Intel patent shares details L4 cache potentially used in Meteor Lake

24.Apr.23 8:00 AM
By Shawn Highstraw
Photo Intel


Intel bets on Admantine L4 cache in its new Meteor Lake arch

A patent from Intel shares details about the operation of Intel's L4 cache, Adamantine. Recently, a Linux patch suggested that Intel is going to use such cache in its upcoming Consumer Meteor Lake CPUs.

The patent states that Intel's "next-generation soc architecture" may have "large on-package caches," tech website VideoCardz was the first to note. These should serve as L4 cache. The cache is called 'Adamantine' or 'ADM' and, according to Intel, should 'enable new applications'.

For example, the access time to this L4 cache should be much shorter than the access time for dram. According to the patent, Adamantine can therefore be used, among other things, to improve communication between the cpu and security controller. Boot times should also be reduced by using L4 cache. Namely, the L4 cache would keep data when resetting the pc.

Reports have been circulating for some time that Intel is going to introduce L4 cache, specifically in its upcoming Meteor Lake processors. Earlier this month, mentions of it appeared in a Linux patch, Phoronix noted. The patch in question referred to 'ADM/L4' in Meteor Lake, but otherwise shared no details. ADM now appears to stand for Adamantine.

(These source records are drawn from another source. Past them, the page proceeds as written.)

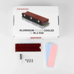 Pasywny radiator AXAGON do SSD M.2 2280 skutecznie obniża temperaturę nawet o 25 °C dzięki aluminiowym żebrom. Uniwersalne rozwiązanie dla dysków jednostronnych i dwustronnych, kompatybilne z SATA i NVMe. W zestawie znajdują się trzy silikonowe podkładki termiczne dla idealnego przylegania i łatwego montażu.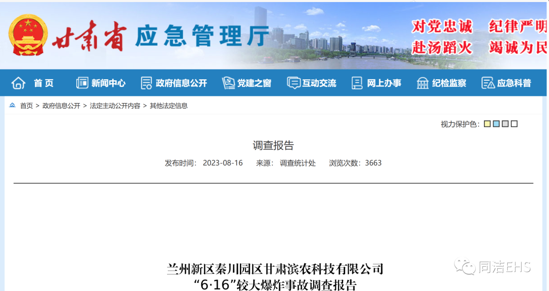 近日,甘肃省应急管理厅公布了《兰州新区秦川园区甘肃滨农科技有限公司“6·16”较大爆炸事故调查报告》。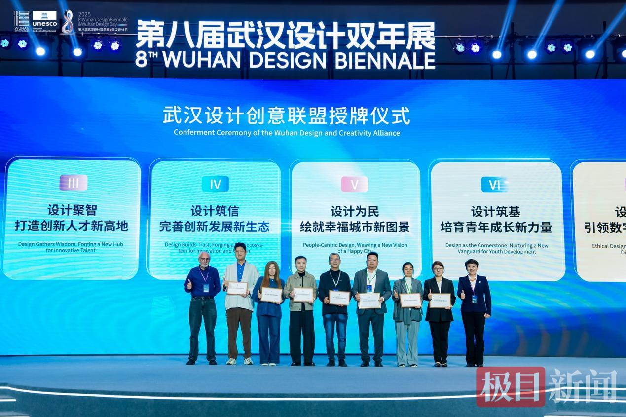 武汉有设计相关专业高校50余所,设计专业在校学生近10万人,设计相关企业突破1万家,10余个设计行业协会,从业人员超50万,形成了强大的“设计创意联盟”,催生出了集产业链、创新链、人才链、价值链于一体的融合创新发展生态体系。在开幕式的最后,“武汉设计创意联盟”正式授牌,来自设计企业、行业协会、高校院所和独立设计师等领域多元设计力量代表共同见证。未来,“武汉设计创意联盟”将奋力实现设计融城,构筑协同发展新范式;设计赋能,激活产业升级新动能;设计聚智,打造创新人才新高地;设计筑信,完善创新发展新生态;设计为民,绘就幸福城市新图景;设计筑基,培育青年成长新力量;设计向善,引领数字文明新航向;设计联通,拓展国际交往新空间八大目标。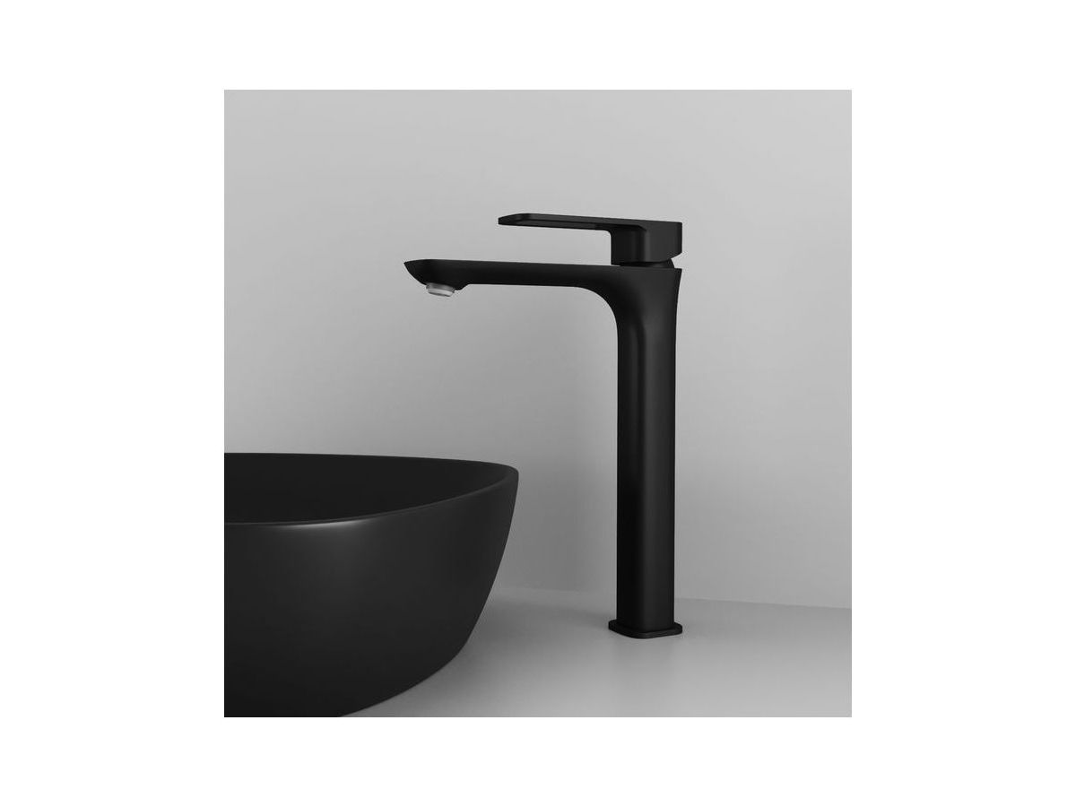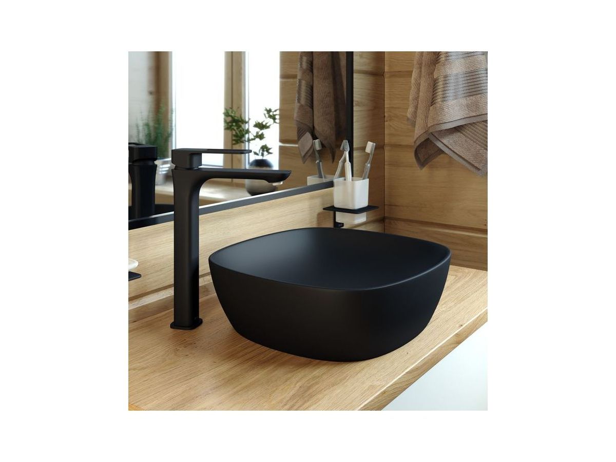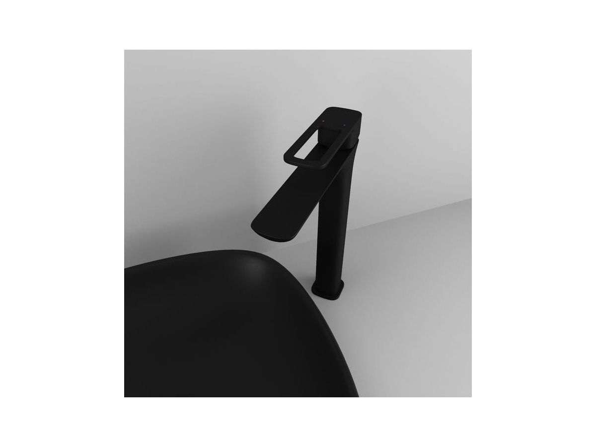 Высокий смеситель для настольного умывальника Slide в трендовом черном цвете отлично дополнит настольный умывальник-чашу. Отверстие-петля на ручке выполняет декоративную и при этом практичную роль — ее легко захватить даже намыленной рукой и отрегулировать напор или температуру. Силиконовый аэратор эстетично скрыт в корпусе излива. В комплекте гибкая подводка и комплект крепежа.

The newly noticed patent does not mention the term Meteor Lake concretely, but it does contain references to this cpu generation. Images from the patent show a cpu with two Redwood Cove cores and eight more efficient Crestwoord cores on one 'tile', the term Intel uses for chiplets. Specifically those cores are used in Meteor Lake. The diagram also shows a separate gpu tile with 64 execution units and a soc tile. It has long been known that Meteor Lake will receive a design with such tiles.

It is not yet known how much L4 cache Intel's upcoming processors will receive. This may vary by model. Leaker Moore's Law is Dead stated in a recent video that the company is currently doing internal tests with caches ranging from 128 to 512MB. In the long run, that could add up to more than a gigabyte. Moore's Law is Dead is more likely to share information about unreleased products, although its accuracy is variable.